You and we agree that no partnership, joint venture, agency or employment relationship exists between us.

Clauses 4 (Your Responsibilities), 6 (Intellectual Property), 7 (Indemnification) 8 (Liability), and 10 (General) will survive the expiry or termination of this Agreement.

If any provision of the Agreement is prohibited by law or judged by a court to be unlawful, void or unenforceable, the provision will, to the extent required, be severed from the Agreement and rendered ineffective as far as possible without modifying the remaining provisions of the Agreement, and will not in any way affect any other circumstances of or the validity or enforcement of the Agreement.

Aggregate Data
We may monitor use of the Platform by all our customers and use the information gathered for internal data processes and analysis. You agree that we may use and publish such information provided that any such publication is aggregated and anonymous and does not identify you.

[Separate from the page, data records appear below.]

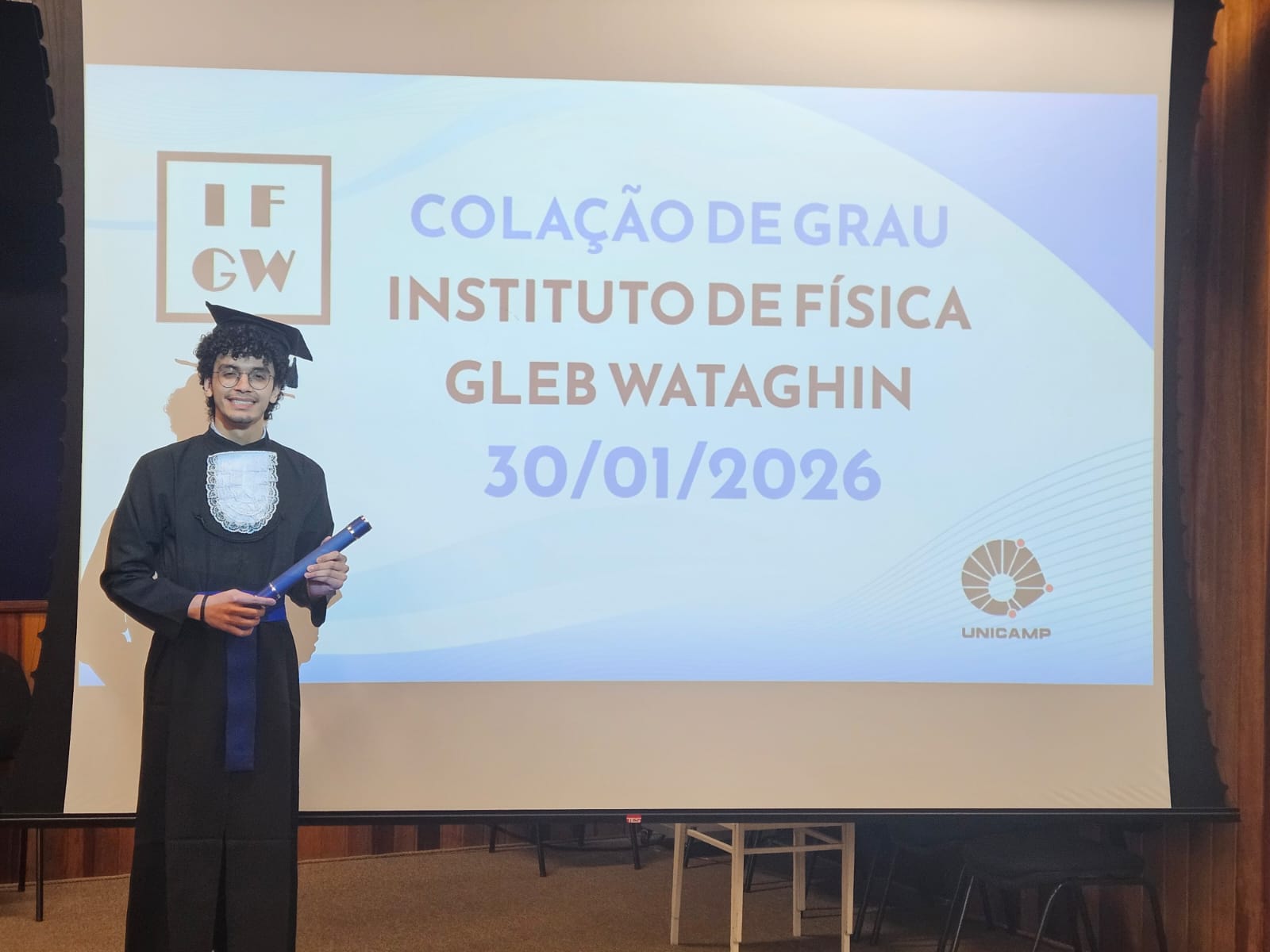 Parabéns, Caio! Que sua jornada na Física continue iluminando caminhos e inspirando nossos atuais alunos a acreditarem que o céu é o limite.
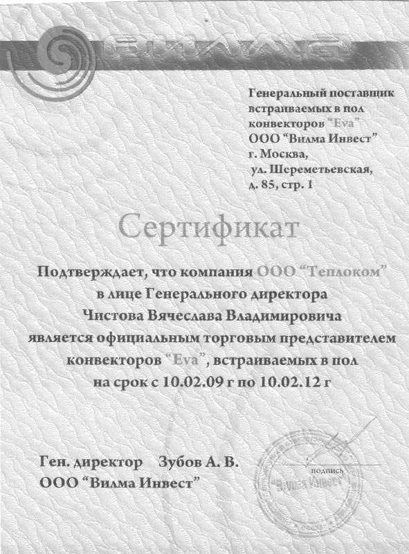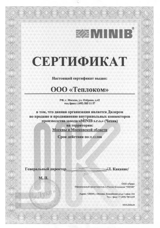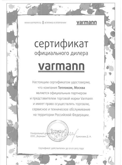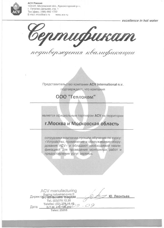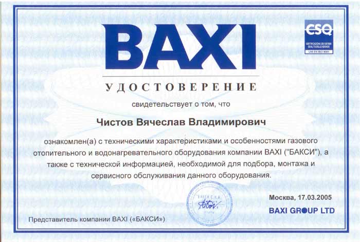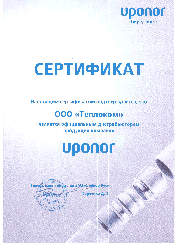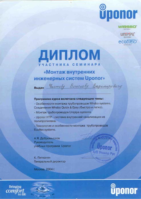 Диплом участника семинара «Монтаж внутренних инженерных систем Uponor»
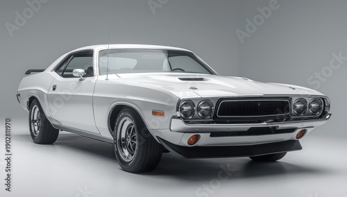 Classic white muscle car against a white backdrop
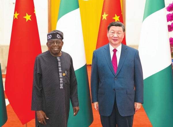 习近平指出,尼日利亚是具有重要影响的非洲大国,拥有巨大人口规模和发展潜力。建交半个多世纪以来,中尼始终相互尊重、平等相待,走出一条联合自强、合作共赢之路。近年来,两国在中非合作论坛框架内共同实施了一大批示范性、战略性合作项目。中国正在进一步全面深化改革、推进中国式现代化,这将为中尼关系发展带来更多机遇。双方要以高质量合作携手实现各自现代化,推动中尼关系实现新的更大发展。
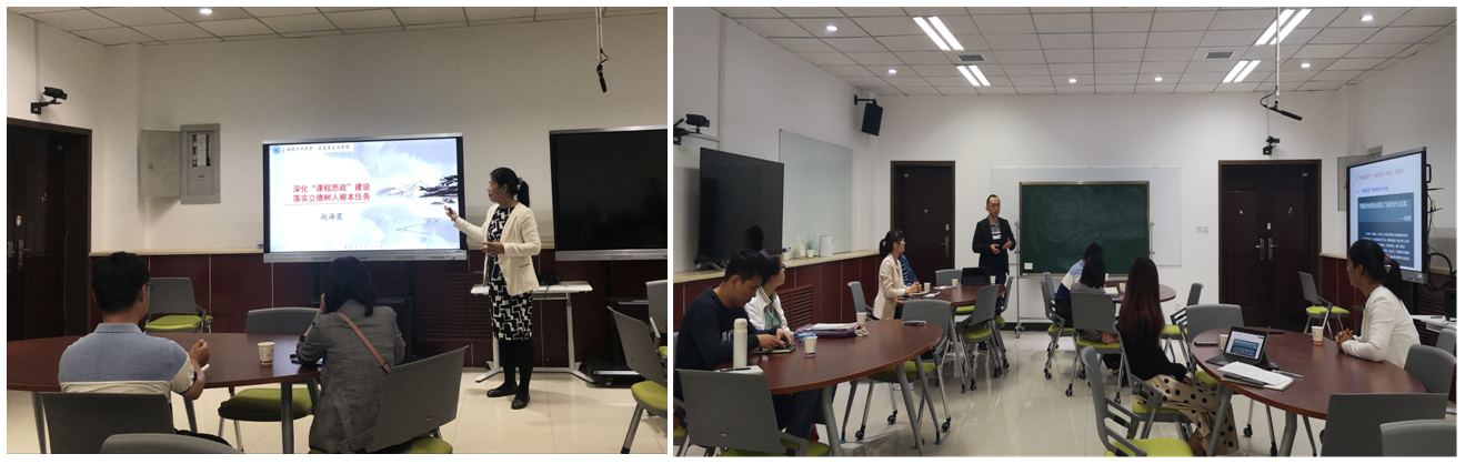 赵海霞副教授的讲座主题是“深化‘课程思政’建设,落实立德树人根本任务”。讲座开始,赵教授通过习近平总书记在全国高校思想政治工作会议上的讲话引入“课程思政”的背景,明确“课程思政”的三项基础性工作,即坚持办学正确政治方向,建设高素质教师队伍和形成高水平人才培养体系。接下来,赵教授带领教师们从理念、方式方法和实施三个方面深入学习了“课程思政”的内涵,并结合新时期人才培养的目标和理念,提出高校提高人才培养质量的关键在于教师,强调要为人师表,做“四有”好老师,通过自己言行,在教学、科研、学术责任、师德师风等方面对学生起带头作用。最后,赵教授通过具体的教学实例和参会的教师们一起探讨了在思想政治教育视角下,专业课教师应如何进行“课程思政”的规划与设计。

The Recipient will: (i) protect the confidentiality of the Confidential Information using the same degree of care that it uses with its own confidential information of similar nature, but with no less than reasonable care, (ii) not use any Confidential Information for any purpose outside the scope of the Agreement, (iii) not disclose Confidential Information to any third party (except for the purpose of professional advice), and (iv) limit access to Confidential Information to its employees, contractors, advisors and agents. The Recipient may disclose Confidential Information if required to do so under any law, statute, rule or regulation, investigation or legal process.

You grant us the right to use your name and company logo in our customer list, the Platform, and our promotional and marketing materials, for the purpose of publicizing and promoting the Filma Services.

No Third Party
Nothing in the Agreement is intended to or will confer upon any third party person or entity any right, benefit or remedy of any nature under or by reason of the Agreement.

Applicable Law
The Agreement is governed by the laws of The United States of America without reference to conflicts of laws principles.

Dispute Resolution
All disputes arising out of or in connection with the Agreement, including any question regarding its existence, validity or termination (“Dispute”), will be resolved in accordance with the procedures specified below, which will be the sole and exclusive procedures for the resolution of any such Dispute.

The Brand and Film will endeavour to resolve any Dispute amicably by negotiation between executives who have authority to settle the Dispute.

Any Dispute not resolved by negotiation within 30 days after either the Brand or Filma requested in writing or within such other period as you and we may agree in writing, will be settled amicably by mediation under the Delaware’s Court of Chancery’s Mediation Procedure.

Any Dispute not resolved by mediation in accordance with above within 30 calendar days after appointment of the mediator, or within such other period as the Brand and Filma may agree in writing, will be finally settled by arbitration administered by the American Arbitration Association. The language of arbitration is agreed to be only in English.